▶ [REQUIRED WORK]
Please reproduce, exactly as given, the lines running from the start of the data to the line containing "3月25日,市中區(qū)分", inclusive, and omit the pictures.

EXERCISE DATA START

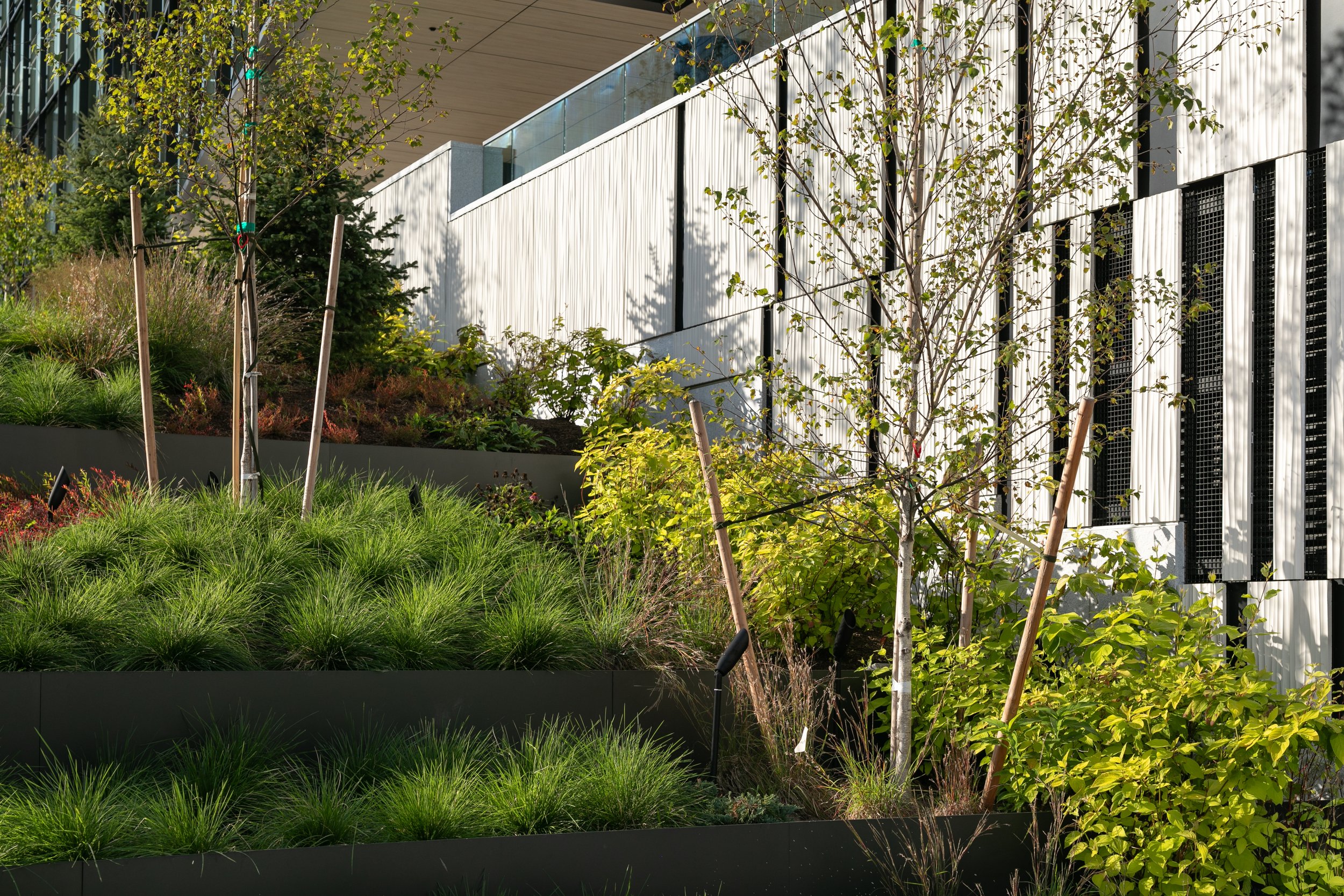 Additionally, the master plan provides extensive privately owned public spaces (POPS) which will range in size and character from heavily planted pocket parks to more urban plazas adjacent to the buildings. A robust network of broad pedestrian sidewalks link the civic spaces and POPS.
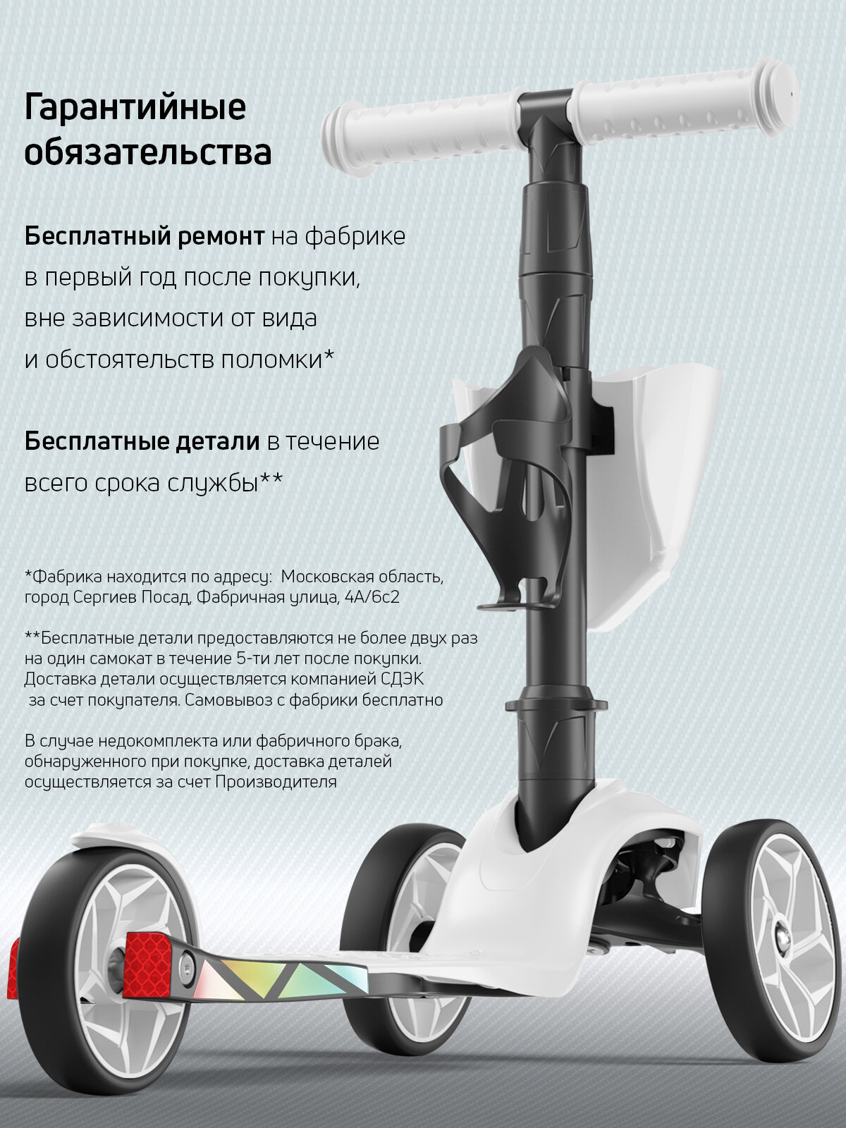 | Минусы: | Самокат приехал без корзинки и держателя для бутылки. Хотя в комплектации и на фото они есть. |
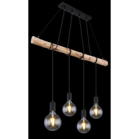 GL-15439-4 Závěsné svítidlo, kov černý matný, dřevo, Dx?xV: 90x7x120, bez žárovek 4xE27, max. 60W 230V - Auston
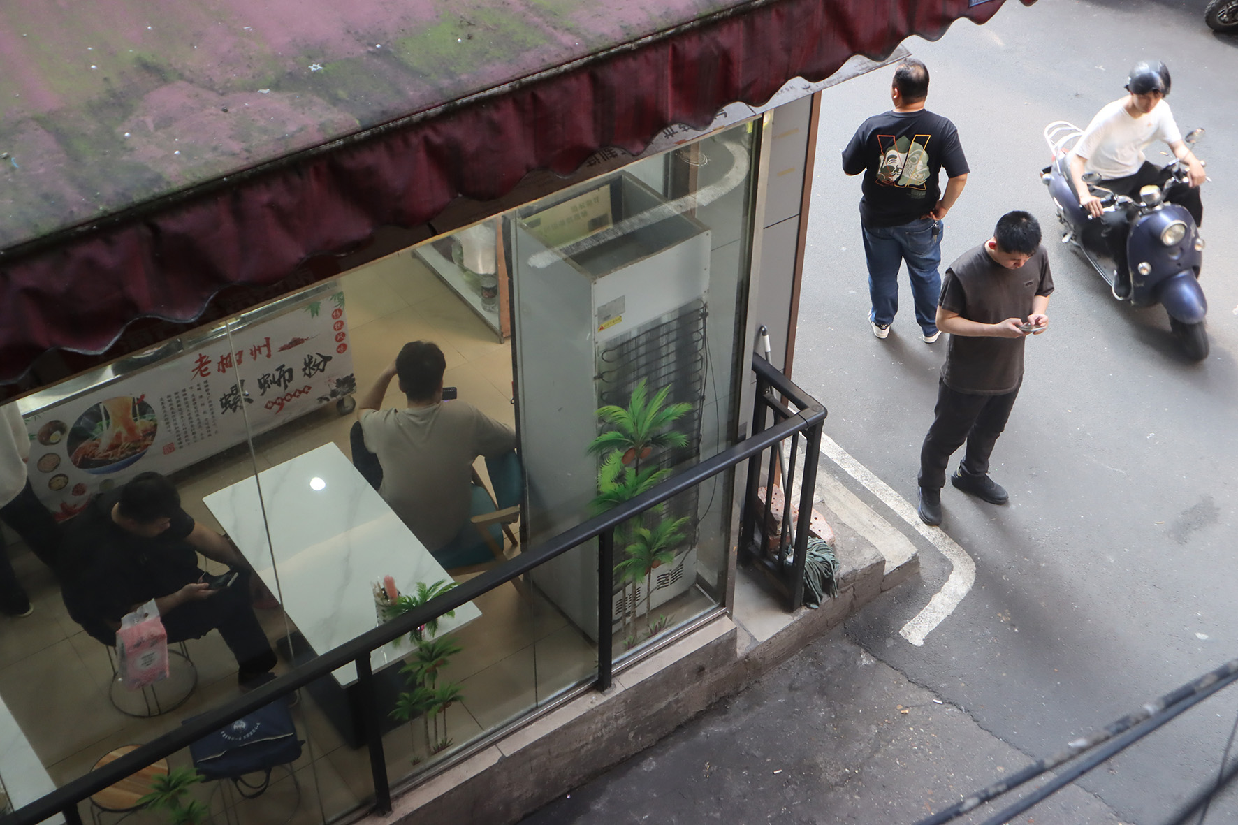 3月25日,市中區(qū)分局與廣西南寧警方辦案民警在蹲點(diǎn)守候期間輪流吃飯。
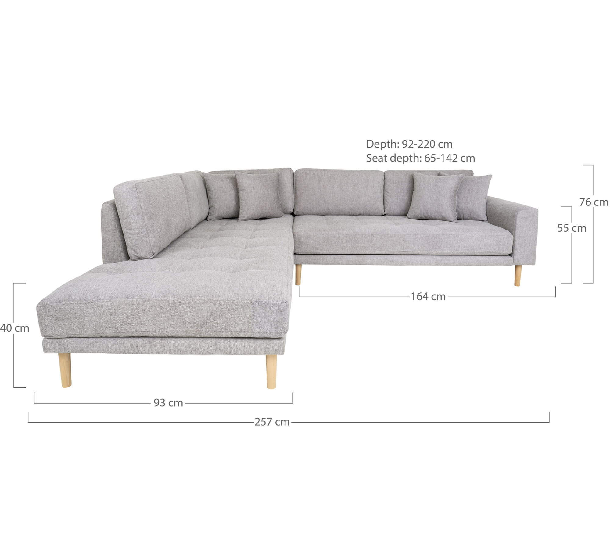 Lido Hjørnesofa Åben Ende - Hjørnesofa Åben Ende,venstrevendt i lysegrå med fire puder og natur træben, HN1040-Polyester, Skum, Bøg
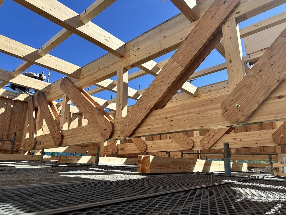 新潟県上越地域を中心に住宅建築などを手掛けるカネタ建設(本社・糸魚川市)はこのほど、倉庫、店舗、事務所などの事業用施設の新築時に利用できる木造建築システムを導入した。鉄骨造に比べ低コストなのが特徴で、2025年11月6〜8日には上越市頸城区の建築現場で構造視察&説明会を開催する。倉庫や店舗、事務所などの建設を検討している企業・個人事業主など誰でも自由に参加できる。
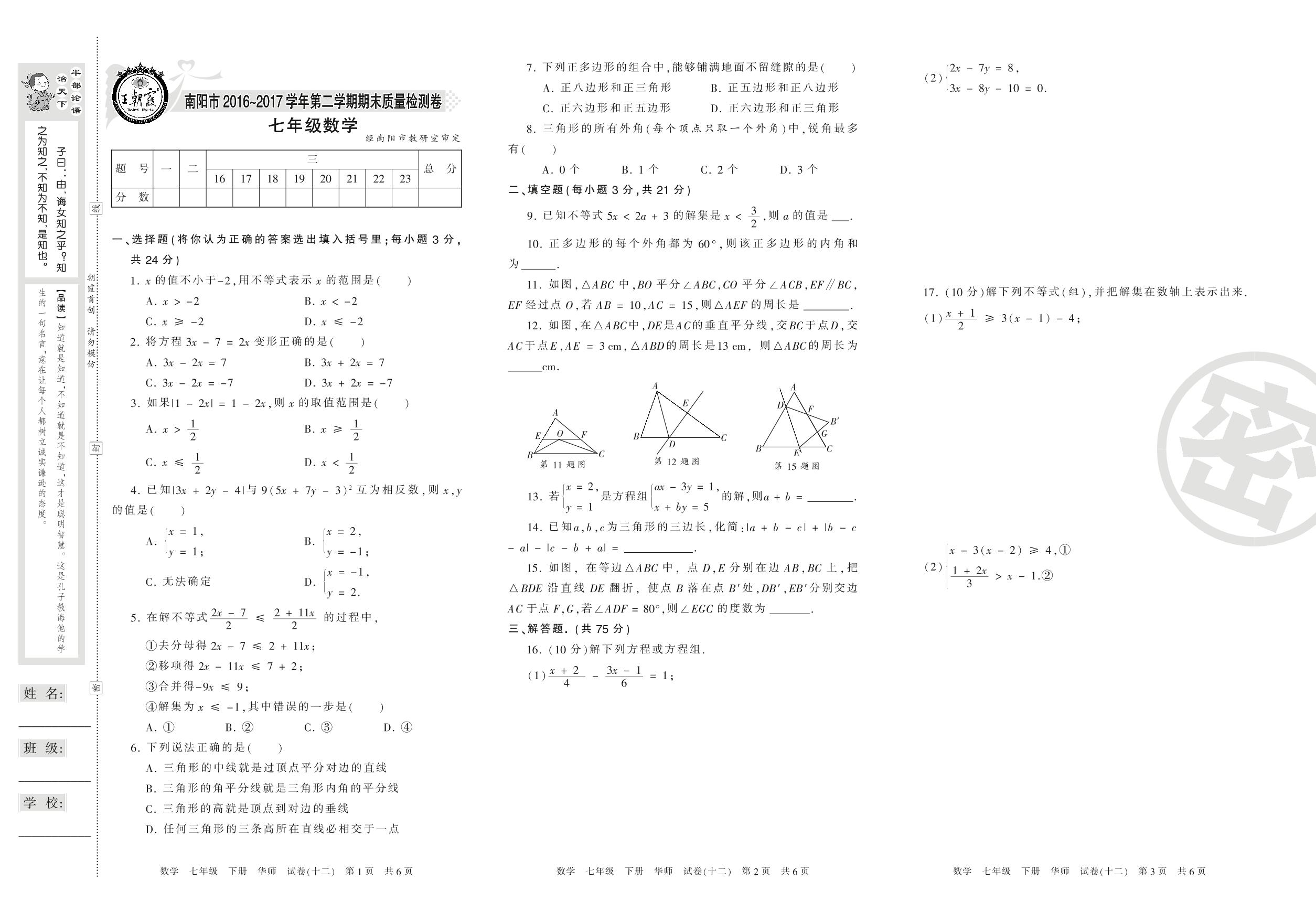 2015-2016学年第二学期南阳市七年级数学试卷(华师版)【12】
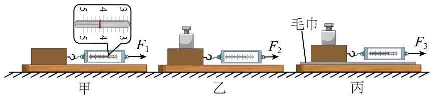 (3)在进行图丙的实验时,小明发现当弹簧测力计示数达到最大值时仍没拉动木块。为了使用现有实验器材顺利完成此探究,你可建议小明采取______的办法,测出滑动摩擦力的大小,再和图中______(填“甲”或“乙”)进行比较,来完成探究滑动摩擦力与接触面粗糙程度的关系实验。
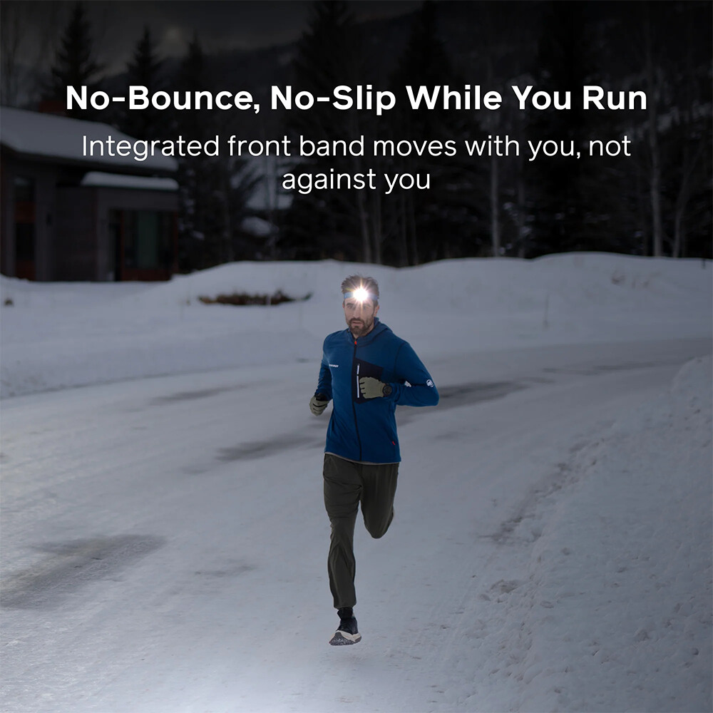 Bežecká čelovka od značky BioLite, o ktorej nebudete vôbec vedieť, že ju máte na hlave. Váži iba 78g, je nabíjacia a batéria je umiestnená v zadnej časti popruhu. Veľkou výhodou je ultraľahká predná časť, ktorá má hrúbku iba 9mm. Čelovka je perfektne vyvážená a dokonale sedí na hlave. Pri behu neposkakuje a neschádza. Ponúka niekoľko režimov svietenia, svetlo rozptýlené aj kužeľ diaľkového svetla s dosvitom až na 90 m. Všetko s možnosťou nastavenia intenzity. Zadná časť je opatrená červenou blikačkou pre vašu väčšiu bezpečnosť.
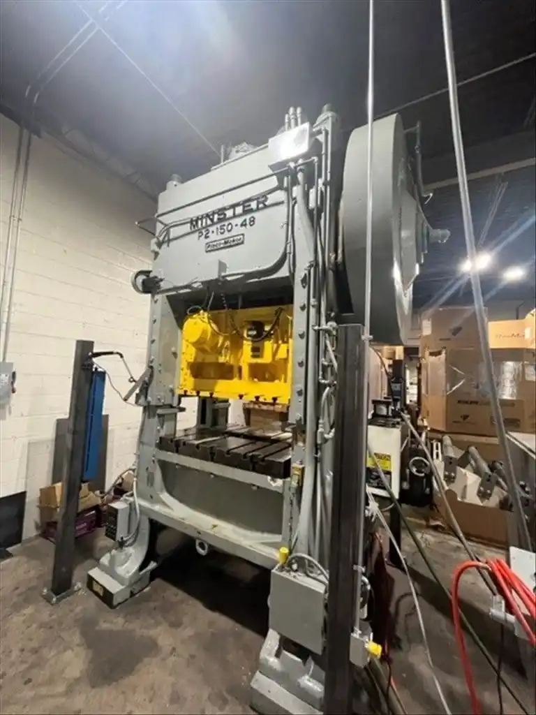 Tonnage 150 tons, Stroke 5.00 inches, Shut Height 21.00 inches, SPM 150, Vari Speed (Yes/No) yes, Bed W 40 inches, Bed L 48 inches, Crank (Single/Double) double, Air Clutch (Yes/No) yes, Type of CNC Control Minster, Dimensions 166"T x 104"W x 82'D, Weight 45500 pounds, Minster P2-150-48, Tonnage 150, Stroke 5.00 ...more

EXERCISE DATA END

▶ [EXERCISE RESPONSE]
 Additionally, the master plan provides extensive privately owned public spaces (POPS) which will range in size and character from heavily planted pocket parks to more urban plazas adjacent to the buildings. A robust network of broad pedestrian sidewalks link the civic spaces and POPS.
 | Минусы: | Самокат приехал без корзинки и держателя для бутылки. Хотя в комплектации и на фото они есть. |
 GL-15439-4 Závěsné svítidlo, kov černý matný, dřevo, Dx?xV: 90x7x120, bez žárovek 4xE27, max. 60W 230V - Auston
 3月25日,市中區(qū)分局與廣西南寧警方辦案民警在蹲點(diǎn)守候期間輪流吃飯。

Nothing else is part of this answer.